• **What the task requires**
For each entry, repeat the text exactly and omit any picture it holds.

• **Given records**
--------------------------------------------------

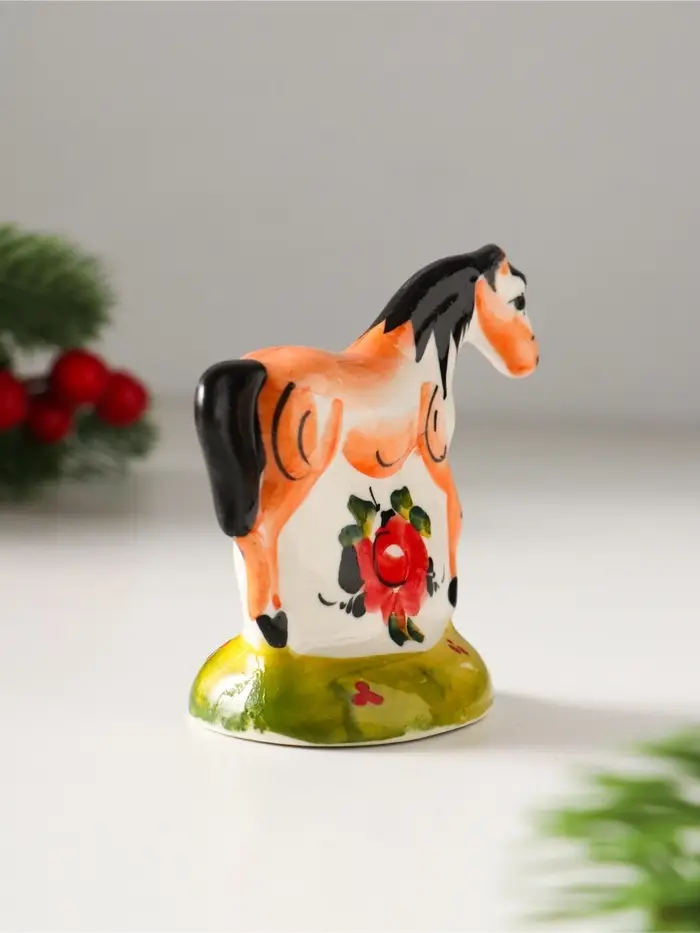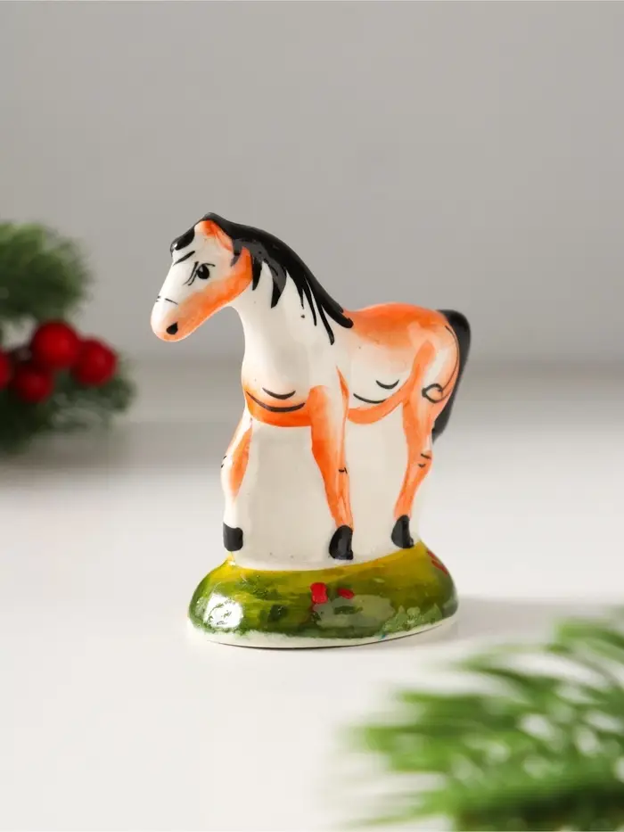 Сувенир Лошадь Зорька, 7х7х3,5 см, гжель,цвет
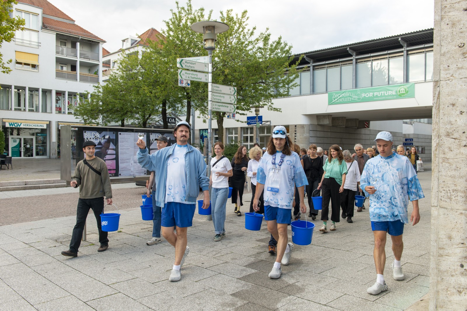 Im Kunstverein Friedrichshafen wird das Wasser aus Zürich gemeinsam mit den Besucher*innen der Ausstellung dem Bodensee zugeführt, um den Pegel wieder steigen zu lassen. Außerdem zeigt die Ausstellung die Dokumentation der Kampagne. Auf der Weltkarte sind die Wasserrationen zu sehen, die auf sich auf dem Weg zu ihrer Destination befinden. Manche sind nur wenige Stunden unterwegs, andere werden erst in 50+ Jahren eintreffen.
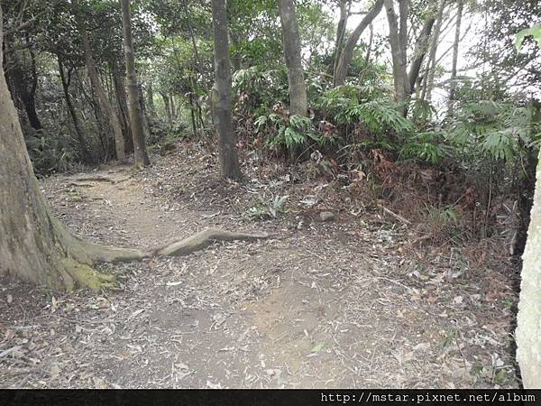 從土地公廟旁的階梯繼續往東,先是石階、後為樹根構成的土階,略陡上坡。
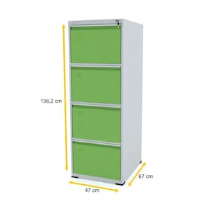 Muitos documentos para organizar? Nossa sugestão: invista em peças modernas e de qualidade, como este arquivo de aço da Pandin. Sua estação de trabalho vai ficar mais bonita e você vai ganhar tempo com este arquivo de aço com quatro gavetas, nas cores cinza e verde. A decoração de sua sala de trabalho pede outra cor? Nós temos! Este modelo vem em diversas opções de cores, que podem compor escritórios dos mais sóbrios aos mais criativos. Organize sua papelada, suas pastas, materiais de trabalho e documentos em geral com esse arquivo, um dos mais vendidos por nós. Leve este arquivo para seu home-office ou sua empresa e facilite suas ações diárias! Esta é mais uma peça da linha Aço da Pandin, que oferece móveis práticos, duráveis, muito resistentes e de excelente custo-benefício. Você pode combinar este arquivo com outros móveis da linha, como nossos armários, estantes e roupeiros de aço e criar um ambiente sob medida, personalizado de acordo com suas necessidades.
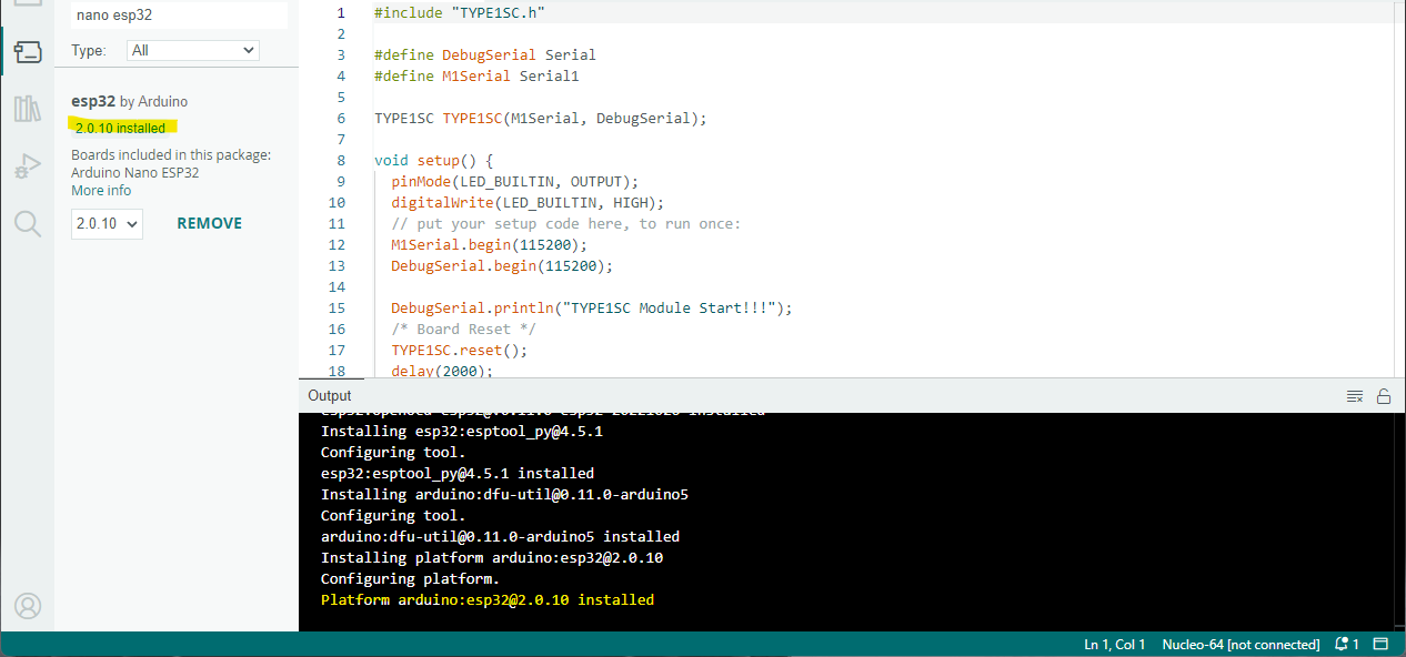 Platform arduino:esp32@2.0.10 installed Arduino NANO ESP32 보드를 PC에 연결 후 보드를 선택합니다.
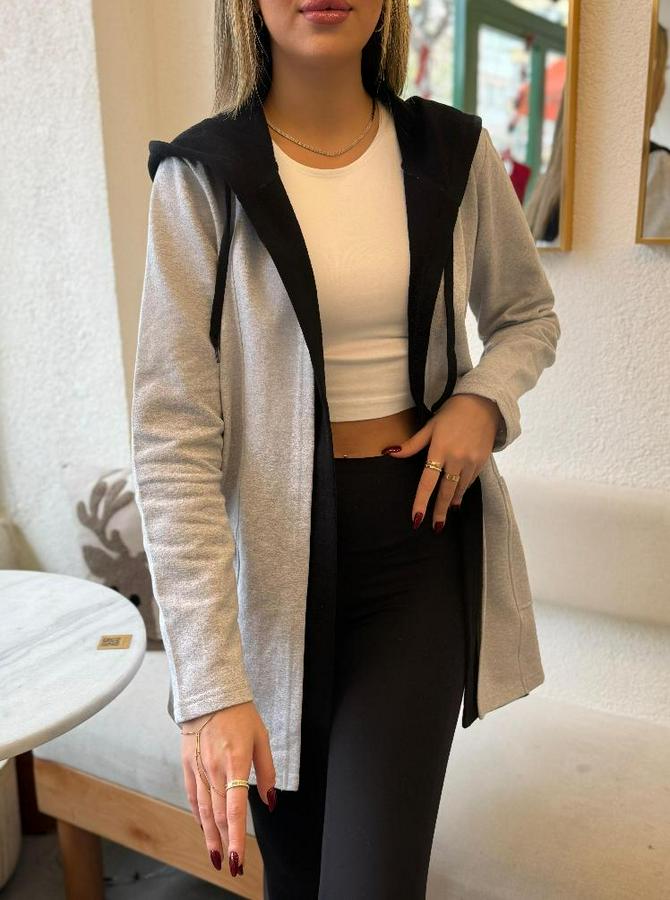 Uzun Kollu Kapşonlu Çift Renkli Şardonlu Iki Iplik Ceket

--------------------------------------------------

• **Output of the task**
 Сувенир Лошадь Зорька, 7х7х3,5 см, гжель,цвет
 Im Kunstverein Friedrichshafen wird das Wasser aus Zürich gemeinsam mit den Besucher*innen der Ausstellung dem Bodensee zugeführt, um den Pegel wieder steigen zu lassen. Außerdem zeigt die Ausstellung die Dokumentation der Kampagne. Auf der Weltkarte sind die Wasserrationen zu sehen, die auf sich auf dem Weg zu ihrer Destination befinden. Manche sind nur wenige Stunden unterwegs, andere werden erst in 50+ Jahren eintreffen.
 從土地公廟旁的階梯繼續往東,先是石階、後為樹根構成的土階,略陡上坡。
 Muitos documentos para organizar? Nossa sugestão: invista em peças modernas e de qualidade, como este arquivo de aço da Pandin. Sua estação de trabalho vai ficar mais bonita e você vai ganhar tempo com este arquivo de aço com quatro gavetas, nas cores cinza e verde. A decoração de sua sala de trabalho pede outra cor? Nós temos! Este modelo vem em diversas opções de cores, que podem compor escritórios dos mais sóbrios aos mais criativos. Organize sua papelada, suas pastas, materiais de trabalho e documentos em geral com esse arquivo, um dos mais vendidos por nós. Leve este arquivo para seu home-office ou sua empresa e facilite suas ações diárias! Esta é mais uma peça da linha Aço da Pandin, que oferece móveis práticos, duráveis, muito resistentes e de excelente custo-benefício. Você pode combinar este arquivo com outros móveis da linha, como nossos armários, estantes e roupeiros de aço e criar um ambiente sob medida, personalizado de acordo com suas necessidades.
 Platform arduino:esp32@2.0.10 installed Arduino NANO ESP32 보드를 PC에 연결 후 보드를 선택합니다.
 Uzun Kollu Kapşonlu Çift Renkli Şardonlu Iki Iplik Ceket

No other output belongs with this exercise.